## EXERCISE REQUIREMENTS
All entries below need to be written out exactly, but without their pictures.

## DATA SHOWN
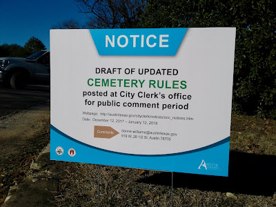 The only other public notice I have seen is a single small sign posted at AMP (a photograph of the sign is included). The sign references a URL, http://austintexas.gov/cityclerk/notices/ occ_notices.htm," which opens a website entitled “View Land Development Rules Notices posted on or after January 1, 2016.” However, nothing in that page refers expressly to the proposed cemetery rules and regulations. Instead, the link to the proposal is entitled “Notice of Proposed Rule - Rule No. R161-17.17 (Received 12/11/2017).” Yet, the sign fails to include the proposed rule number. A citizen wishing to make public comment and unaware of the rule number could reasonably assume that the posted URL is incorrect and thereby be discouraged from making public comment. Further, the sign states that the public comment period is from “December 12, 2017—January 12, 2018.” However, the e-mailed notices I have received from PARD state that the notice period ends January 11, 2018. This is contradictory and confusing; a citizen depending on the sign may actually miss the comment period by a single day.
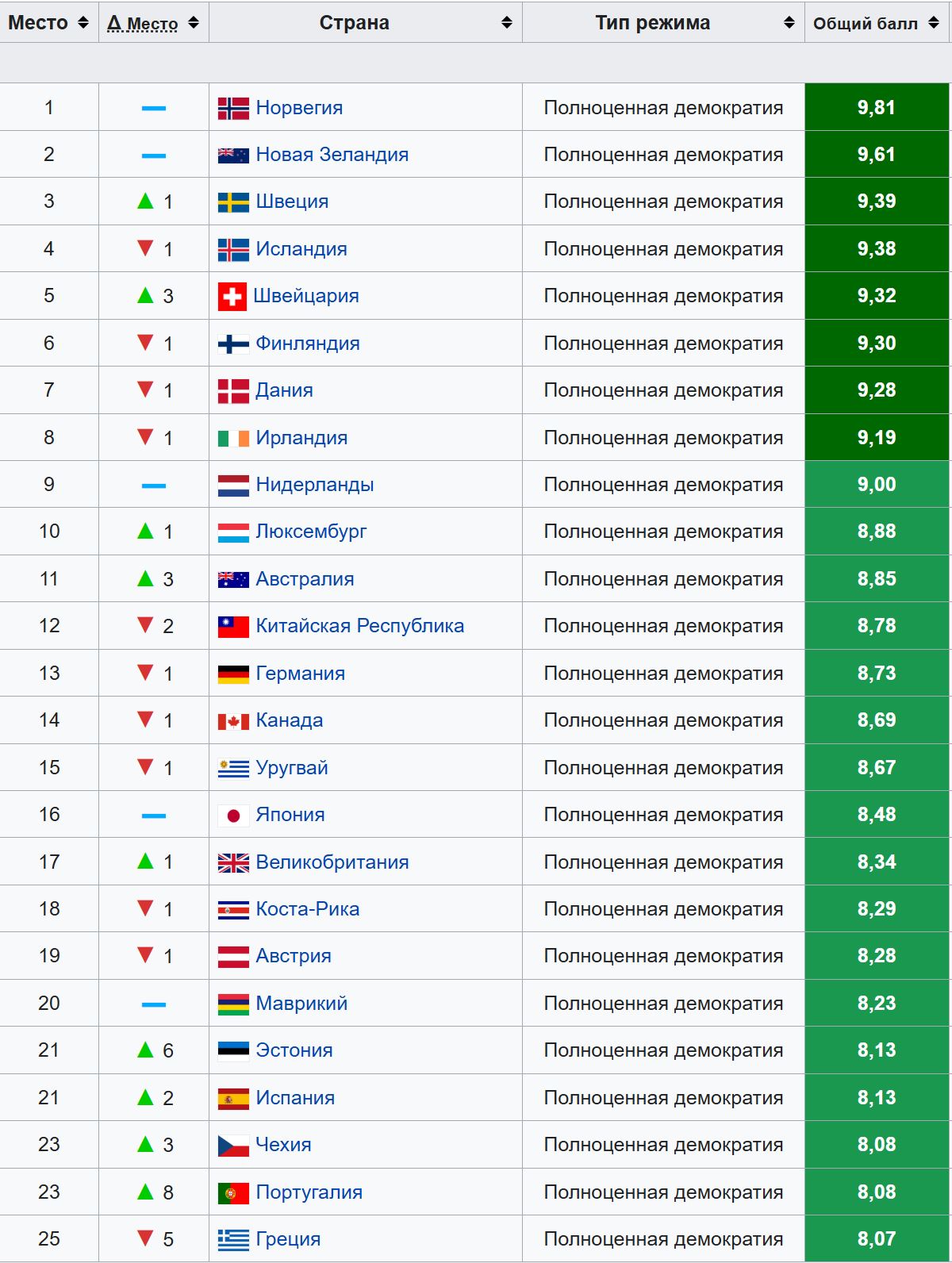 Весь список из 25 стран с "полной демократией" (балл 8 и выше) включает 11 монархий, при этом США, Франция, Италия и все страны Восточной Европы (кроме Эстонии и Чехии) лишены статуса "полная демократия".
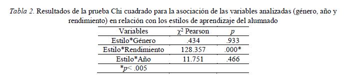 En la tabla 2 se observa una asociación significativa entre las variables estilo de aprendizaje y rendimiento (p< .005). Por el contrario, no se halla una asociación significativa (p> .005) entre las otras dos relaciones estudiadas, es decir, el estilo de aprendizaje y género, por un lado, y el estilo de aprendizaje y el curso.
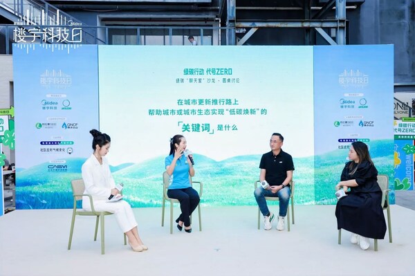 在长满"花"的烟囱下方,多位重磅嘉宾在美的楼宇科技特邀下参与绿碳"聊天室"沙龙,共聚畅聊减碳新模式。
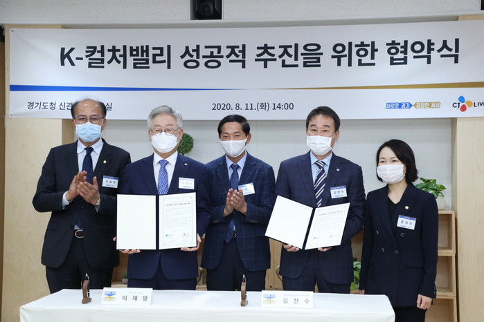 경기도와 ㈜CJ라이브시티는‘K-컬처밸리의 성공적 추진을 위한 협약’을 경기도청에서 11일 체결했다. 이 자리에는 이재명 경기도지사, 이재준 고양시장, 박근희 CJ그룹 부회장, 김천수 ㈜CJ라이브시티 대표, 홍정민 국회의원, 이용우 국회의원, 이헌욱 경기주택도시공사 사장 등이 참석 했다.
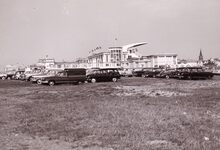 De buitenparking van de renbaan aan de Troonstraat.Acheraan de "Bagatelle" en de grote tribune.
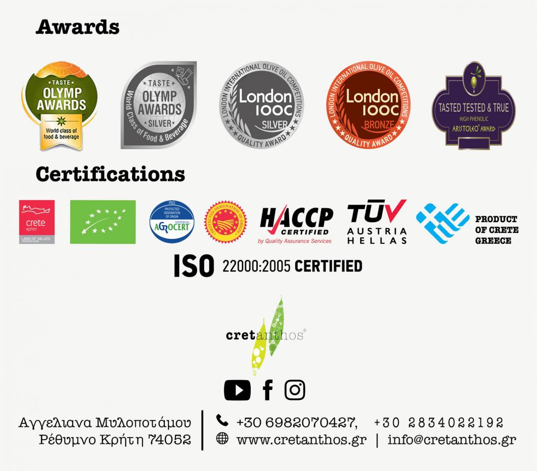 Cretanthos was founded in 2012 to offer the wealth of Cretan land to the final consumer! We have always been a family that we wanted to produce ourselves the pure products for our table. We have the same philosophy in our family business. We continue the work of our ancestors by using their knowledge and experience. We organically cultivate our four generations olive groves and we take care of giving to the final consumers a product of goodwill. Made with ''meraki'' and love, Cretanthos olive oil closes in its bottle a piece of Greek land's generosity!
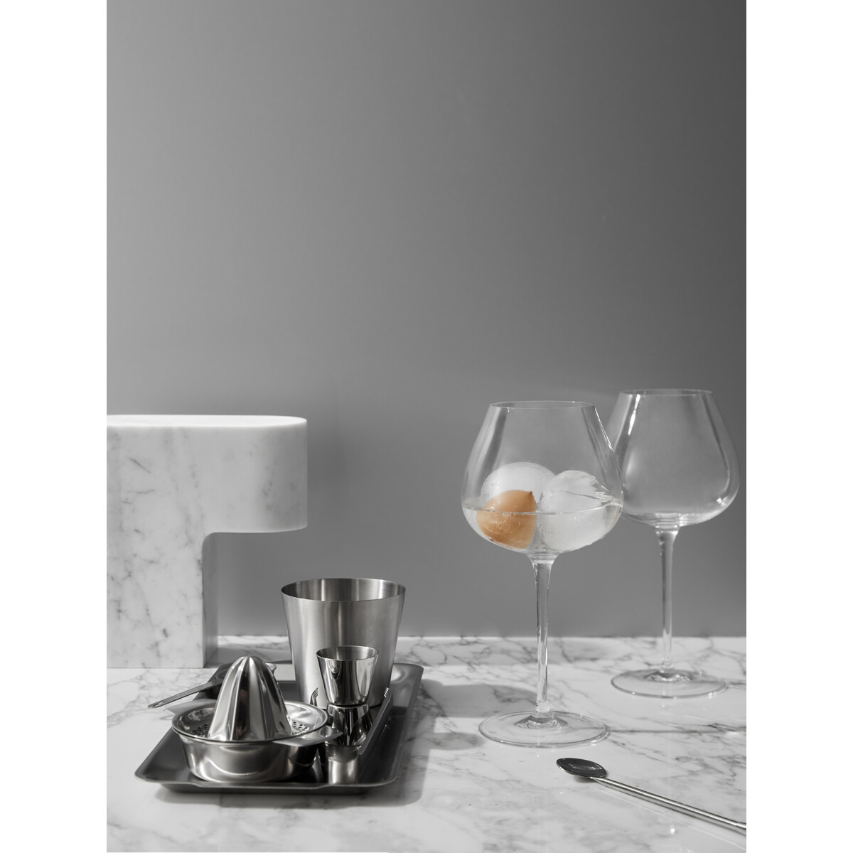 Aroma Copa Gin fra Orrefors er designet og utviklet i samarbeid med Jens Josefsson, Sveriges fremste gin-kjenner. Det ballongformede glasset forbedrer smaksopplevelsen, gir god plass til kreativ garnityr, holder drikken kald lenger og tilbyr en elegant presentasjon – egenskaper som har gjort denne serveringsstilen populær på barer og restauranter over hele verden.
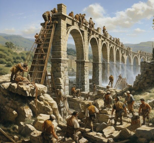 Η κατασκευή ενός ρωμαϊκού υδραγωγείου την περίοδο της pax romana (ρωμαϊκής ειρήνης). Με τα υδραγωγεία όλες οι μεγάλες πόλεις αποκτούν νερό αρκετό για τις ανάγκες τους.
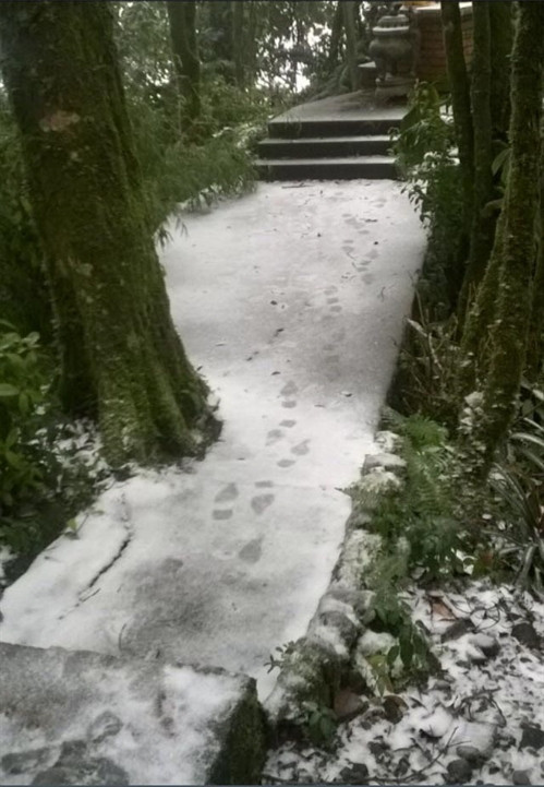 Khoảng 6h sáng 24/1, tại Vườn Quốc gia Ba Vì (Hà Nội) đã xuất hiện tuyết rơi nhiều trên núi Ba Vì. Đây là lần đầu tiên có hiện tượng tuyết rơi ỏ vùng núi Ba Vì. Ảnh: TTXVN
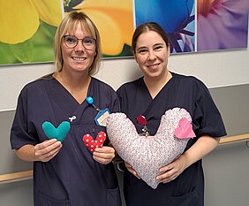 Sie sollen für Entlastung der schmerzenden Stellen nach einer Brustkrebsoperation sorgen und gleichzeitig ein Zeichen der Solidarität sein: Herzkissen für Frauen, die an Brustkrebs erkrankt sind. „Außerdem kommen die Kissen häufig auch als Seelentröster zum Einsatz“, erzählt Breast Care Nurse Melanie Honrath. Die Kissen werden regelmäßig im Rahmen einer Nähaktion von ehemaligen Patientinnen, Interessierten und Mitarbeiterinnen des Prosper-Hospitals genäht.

## ANSWER SPACE
 The only other public notice I have seen is a single small sign posted at AMP (a photograph of the sign is included). The sign references a URL, http://austintexas.gov/cityclerk/notices/ occ_notices.htm," which opens a website entitled “View Land Development Rules Notices posted on or after January 1, 2016.” However, nothing in that page refers expressly to the proposed cemetery rules and regulations. Instead, the link to the proposal is entitled “Notice of Proposed Rule - Rule No. R161-17.17 (Received 12/11/2017).” Yet, the sign fails to include the proposed rule number. A citizen wishing to make public comment and unaware of the rule number could reasonably assume that the posted URL is incorrect and thereby be discouraged from making public comment. Further, the sign states that the public comment period is from “December 12, 2017—January 12, 2018.” However, the e-mailed notices I have received from PARD state that the notice period ends January 11, 2018. This is contradictory and confusing; a citizen depending on the sign may actually miss the comment period by a single day.
 Весь список из 25 стран с "полной демократией" (балл 8 и выше) включает 11 монархий, при этом США, Франция, Италия и все страны Восточной Европы (кроме Эстонии и Чехии) лишены статуса "полная демократия".
 En la tabla 2 se observa una asociación significativa entre las variables estilo de aprendizaje y rendimiento (p< .005). Por el contrario, no se halla una asociación significativa (p> .005) entre las otras dos relaciones estudiadas, es decir, el estilo de aprendizaje y género, por un lado, y el estilo de aprendizaje y el curso.
 在长满"花"的烟囱下方,多位重磅嘉宾在美的楼宇科技特邀下参与绿碳"聊天室"沙龙,共聚畅聊减碳新模式。
 경기도와 ㈜CJ라이브시티는‘K-컬처밸리의 성공적 추진을 위한 협약’을 경기도청에서 11일 체결했다. 이 자리에는 이재명 경기도지사, 이재준 고양시장, 박근희 CJ그룹 부회장, 김천수 ㈜CJ라이브시티 대표, 홍정민 국회의원, 이용우 국회의원, 이헌욱 경기주택도시공사 사장 등이 참석 했다.
 De buitenparking van de renbaan aan de Troonstraat.Acheraan de "Bagatelle" en de grote tribune.
 Cretanthos was founded in 2012 to offer the wealth of Cretan land to the final consumer! We have always been a family that we wanted to produce ourselves the pure products for our table. We have the same philosophy in our family business. We continue the work of our ancestors by using their knowledge and experience. We organically cultivate our four generations olive groves and we take care of giving to the final consumers a product of goodwill. Made with ''meraki'' and love, Cretanthos olive oil closes in its bottle a piece of Greek land's generosity!
 Aroma Copa Gin fra Orrefors er designet og utviklet i samarbeid med Jens Josefsson, Sveriges fremste gin-kjenner. Det ballongformede glasset forbedrer smaksopplevelsen, gir god plass til kreativ garnityr, holder drikken kald lenger og tilbyr en elegant presentasjon – egenskaper som har gjort denne serveringsstilen populær på barer og restauranter over hele verden.
 Η κατασκευή ενός ρωμαϊκού υδραγωγείου την περίοδο της pax romana (ρωμαϊκής ειρήνης). Με τα υδραγωγεία όλες οι μεγάλες πόλεις αποκτούν νερό αρκετό για τις ανάγκες τους.
 Khoảng 6h sáng 24/1, tại Vườn Quốc gia Ba Vì (Hà Nội) đã xuất hiện tuyết rơi nhiều trên núi Ba Vì. Đây là lần đầu tiên có hiện tượng tuyết rơi ỏ vùng núi Ba Vì. Ảnh: TTXVN
 Sie sollen für Entlastung der schmerzenden Stellen nach einer Brustkrebsoperation sorgen und gleichzeitig ein Zeichen der Solidarität sein: Herzkissen für Frauen, die an Brustkrebs erkrankt sind. „Außerdem kommen die Kissen häufig auch als Seelentröster zum Einsatz“, erzählt Breast Care Nurse Melanie Honrath. Die Kissen werden regelmäßig im Rahmen einer Nähaktion von ehemaligen Patientinnen, Interessierten und Mitarbeiterinnen des Prosper-Hospitals genäht.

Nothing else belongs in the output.